▶ WORK REQUIRED
If a line below falls between the line with "Va prezentam spre" and the line with "Not the direct, as", or is one of those two, output it exactly; output nothing else and no pictures.

▶ TASK DATA
⟨

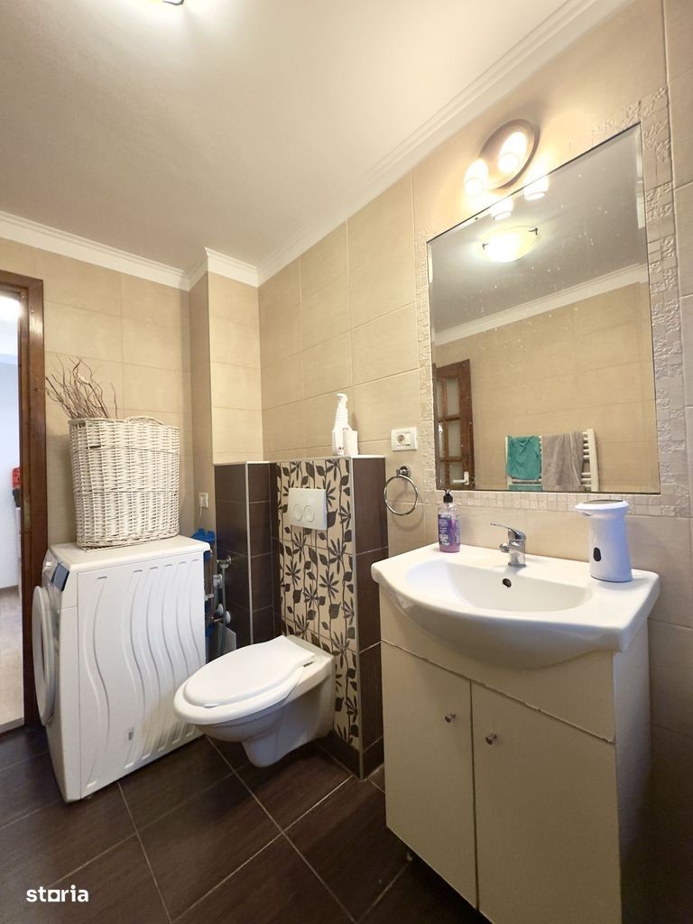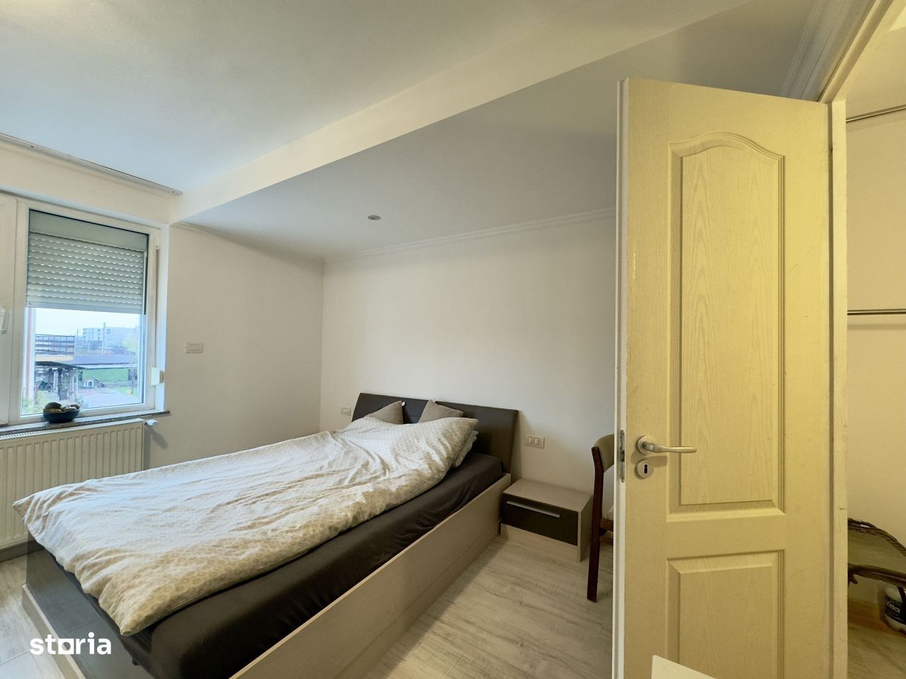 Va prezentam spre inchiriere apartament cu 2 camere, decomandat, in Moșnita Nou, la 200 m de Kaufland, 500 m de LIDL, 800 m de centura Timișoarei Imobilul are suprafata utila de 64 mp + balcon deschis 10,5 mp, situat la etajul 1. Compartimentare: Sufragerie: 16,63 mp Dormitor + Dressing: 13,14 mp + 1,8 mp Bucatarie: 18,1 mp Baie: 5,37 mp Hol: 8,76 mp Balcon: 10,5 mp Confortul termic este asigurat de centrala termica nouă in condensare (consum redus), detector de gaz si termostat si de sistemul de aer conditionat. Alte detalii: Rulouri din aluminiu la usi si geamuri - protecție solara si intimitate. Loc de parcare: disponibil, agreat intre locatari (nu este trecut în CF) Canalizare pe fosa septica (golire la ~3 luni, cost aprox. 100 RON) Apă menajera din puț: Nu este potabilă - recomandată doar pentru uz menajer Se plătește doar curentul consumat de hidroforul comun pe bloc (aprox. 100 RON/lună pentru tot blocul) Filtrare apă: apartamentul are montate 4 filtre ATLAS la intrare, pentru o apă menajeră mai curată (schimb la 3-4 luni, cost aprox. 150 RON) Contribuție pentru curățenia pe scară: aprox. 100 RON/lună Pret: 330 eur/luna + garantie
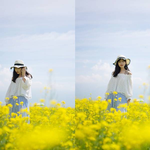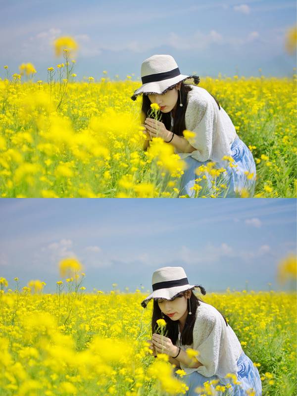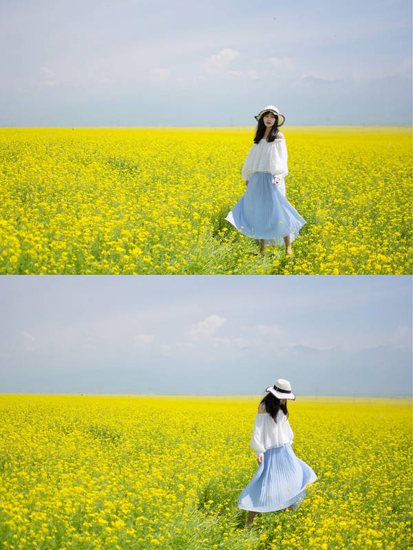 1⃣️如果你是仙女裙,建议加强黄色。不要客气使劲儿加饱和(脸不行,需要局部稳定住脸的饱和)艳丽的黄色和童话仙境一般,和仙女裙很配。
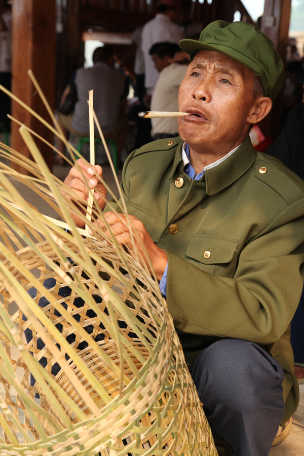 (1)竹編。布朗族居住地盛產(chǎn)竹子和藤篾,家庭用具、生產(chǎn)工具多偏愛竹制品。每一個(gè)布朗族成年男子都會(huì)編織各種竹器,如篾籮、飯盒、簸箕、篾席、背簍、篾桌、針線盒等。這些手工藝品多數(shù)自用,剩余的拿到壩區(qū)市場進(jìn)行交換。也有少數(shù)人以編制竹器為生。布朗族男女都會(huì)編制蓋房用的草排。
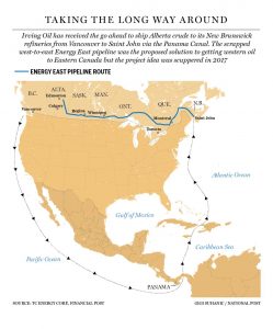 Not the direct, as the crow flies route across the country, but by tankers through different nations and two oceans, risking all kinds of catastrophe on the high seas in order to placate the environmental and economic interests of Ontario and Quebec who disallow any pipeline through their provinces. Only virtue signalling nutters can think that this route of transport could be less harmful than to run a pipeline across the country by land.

⟩
⟨

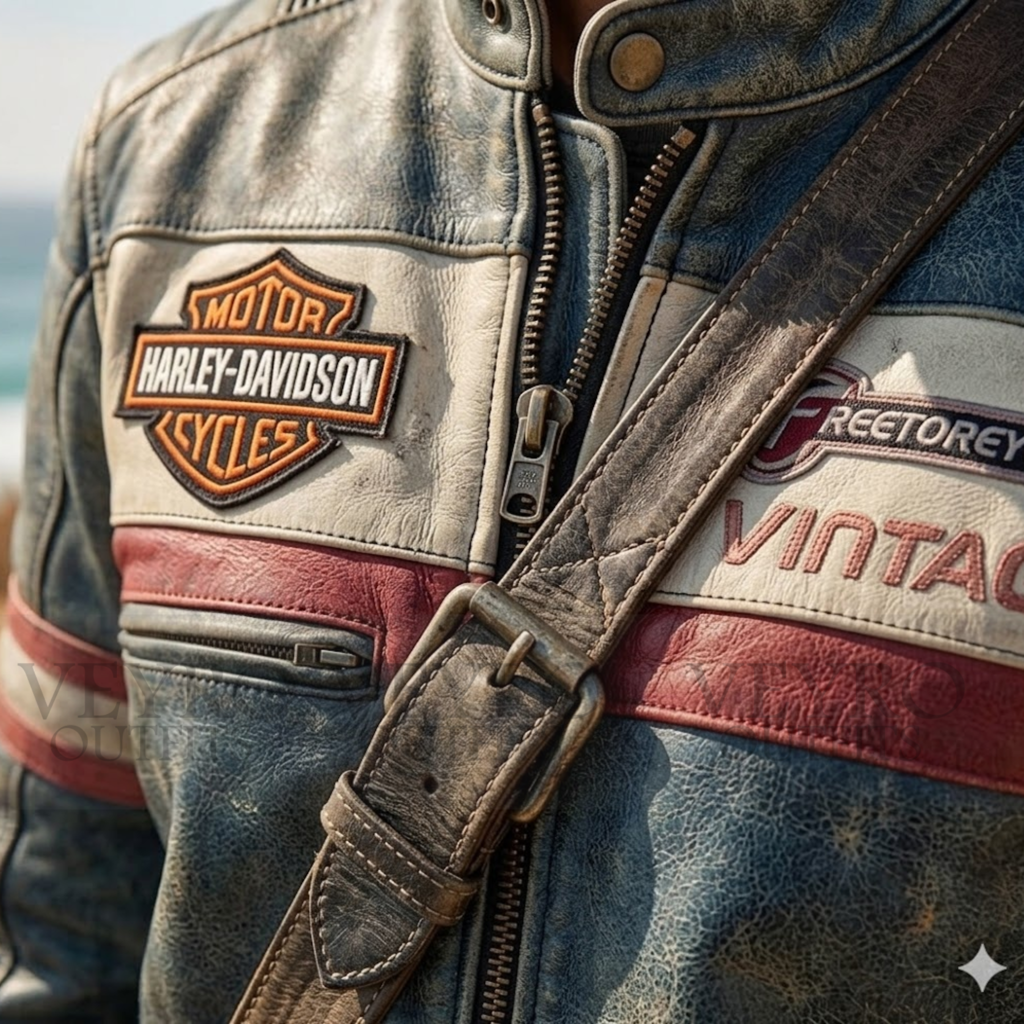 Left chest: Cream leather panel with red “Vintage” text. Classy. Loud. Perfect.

⟩

▶ EXERCISE RESPONSE
 Va prezentam spre inchiriere apartament cu 2 camere, decomandat, in Moșnita Nou, la 200 m de Kaufland, 500 m de LIDL, 800 m de centura Timișoarei Imobilul are suprafata utila de 64 mp + balcon deschis 10,5 mp, situat la etajul 1. Compartimentare: Sufragerie: 16,63 mp Dormitor + Dressing: 13,14 mp + 1,8 mp Bucatarie: 18,1 mp Baie: 5,37 mp Hol: 8,76 mp Balcon: 10,5 mp Confortul termic este asigurat de centrala termica nouă in condensare (consum redus), detector de gaz si termostat si de sistemul de aer conditionat. Alte detalii: Rulouri din aluminiu la usi si geamuri - protecție solara si intimitate. Loc de parcare: disponibil, agreat intre locatari (nu este trecut în CF) Canalizare pe fosa septica (golire la ~3 luni, cost aprox. 100 RON) Apă menajera din puț: Nu este potabilă - recomandată doar pentru uz menajer Se plătește doar curentul consumat de hidroforul comun pe bloc (aprox. 100 RON/lună pentru tot blocul) Filtrare apă: apartamentul are montate 4 filtre ATLAS la intrare, pentru o apă menajeră mai curată (schimb la 3-4 luni, cost aprox. 150 RON) Contribuție pentru curățenia pe scară: aprox. 100 RON/lună Pret: 330 eur/luna + garantie
 1⃣️如果你是仙女裙,建议加强黄色。不要客气使劲儿加饱和(脸不行,需要局部稳定住脸的饱和)艳丽的黄色和童话仙境一般,和仙女裙很配。
 (1)竹編。布朗族居住地盛產(chǎn)竹子和藤篾,家庭用具、生產(chǎn)工具多偏愛竹制品。每一個(gè)布朗族成年男子都會(huì)編織各種竹器,如篾籮、飯盒、簸箕、篾席、背簍、篾桌、針線盒等。這些手工藝品多數(shù)自用,剩余的拿到壩區(qū)市場進(jìn)行交換。也有少數(shù)人以編制竹器為生。布朗族男女都會(huì)編制蓋房用的草排。
 Not the direct, as the crow flies route across the country, but by tankers through different nations and two oceans, risking all kinds of catastrophe on the high seas in order to placate the environmental and economic interests of Ontario and Quebec who disallow any pipeline through their provinces. Only virtue signalling nutters can think that this route of transport could be less harmful than to run a pipeline across the country by land.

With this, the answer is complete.